(Source data):
*** Block opens ***

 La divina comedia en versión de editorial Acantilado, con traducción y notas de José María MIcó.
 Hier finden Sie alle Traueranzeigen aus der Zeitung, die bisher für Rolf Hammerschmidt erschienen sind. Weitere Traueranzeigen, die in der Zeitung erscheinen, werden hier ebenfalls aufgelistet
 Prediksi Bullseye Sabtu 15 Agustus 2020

*** Block closes ***
*** Block opens ***

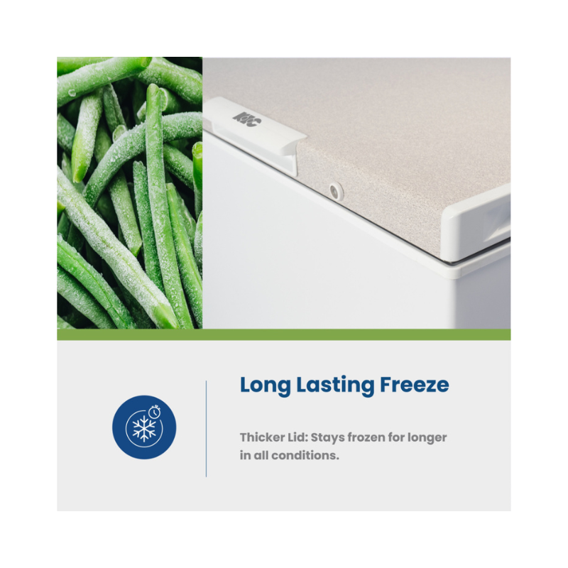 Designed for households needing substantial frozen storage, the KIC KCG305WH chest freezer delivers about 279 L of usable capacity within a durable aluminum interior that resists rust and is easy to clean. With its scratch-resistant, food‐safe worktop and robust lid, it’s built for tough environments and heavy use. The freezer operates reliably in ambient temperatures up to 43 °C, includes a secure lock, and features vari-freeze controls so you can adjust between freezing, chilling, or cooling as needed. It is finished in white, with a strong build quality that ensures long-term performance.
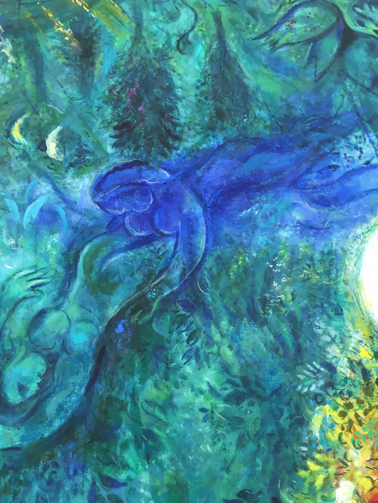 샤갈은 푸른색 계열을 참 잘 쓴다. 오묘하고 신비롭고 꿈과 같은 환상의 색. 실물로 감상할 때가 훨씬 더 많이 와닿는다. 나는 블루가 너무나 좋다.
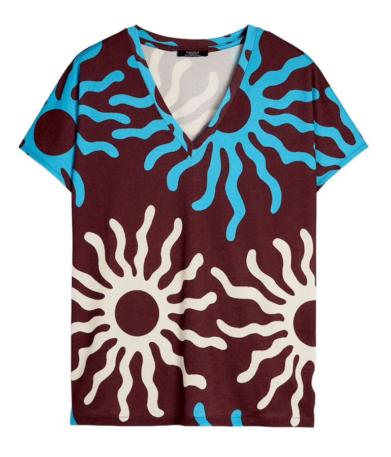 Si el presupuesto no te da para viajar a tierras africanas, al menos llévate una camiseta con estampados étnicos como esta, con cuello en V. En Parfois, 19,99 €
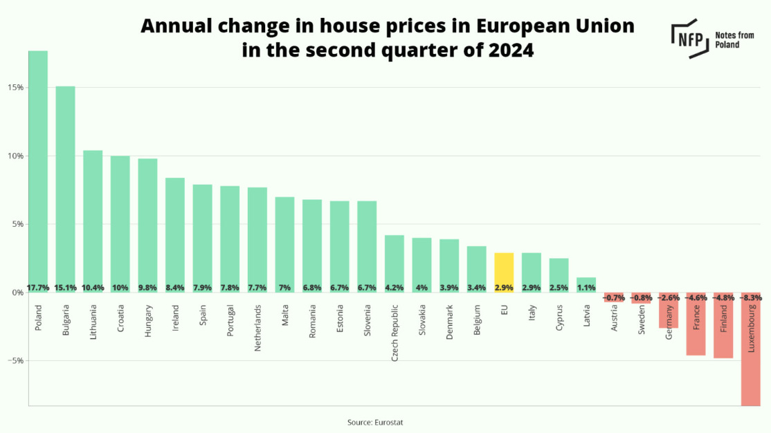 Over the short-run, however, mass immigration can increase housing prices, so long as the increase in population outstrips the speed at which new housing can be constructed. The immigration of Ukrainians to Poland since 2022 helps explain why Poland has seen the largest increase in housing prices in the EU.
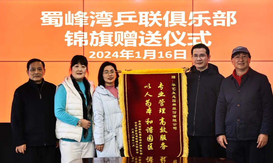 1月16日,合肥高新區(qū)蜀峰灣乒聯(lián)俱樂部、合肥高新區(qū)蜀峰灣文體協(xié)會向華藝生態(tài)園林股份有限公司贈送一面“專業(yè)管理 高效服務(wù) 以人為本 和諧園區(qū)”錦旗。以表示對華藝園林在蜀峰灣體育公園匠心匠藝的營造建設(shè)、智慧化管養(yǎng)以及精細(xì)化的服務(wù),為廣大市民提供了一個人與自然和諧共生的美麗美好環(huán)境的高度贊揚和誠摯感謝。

*** Block closes ***

(Exercise details): Within the listing above, extract exactly the lines from the line with "Hier finden Sie" to the line with "Prediksi Bullseye Sabtu 15 Agustus 2020", the two named lines included, and no others.

(Task output):
 Hier finden Sie alle Traueranzeigen aus der Zeitung, die bisher für Rolf Hammerschmidt erschienen sind. Weitere Traueranzeigen, die in der Zeitung erscheinen, werden hier ebenfalls aufgelistet
 Prediksi Bullseye Sabtu 15 Agustus 2020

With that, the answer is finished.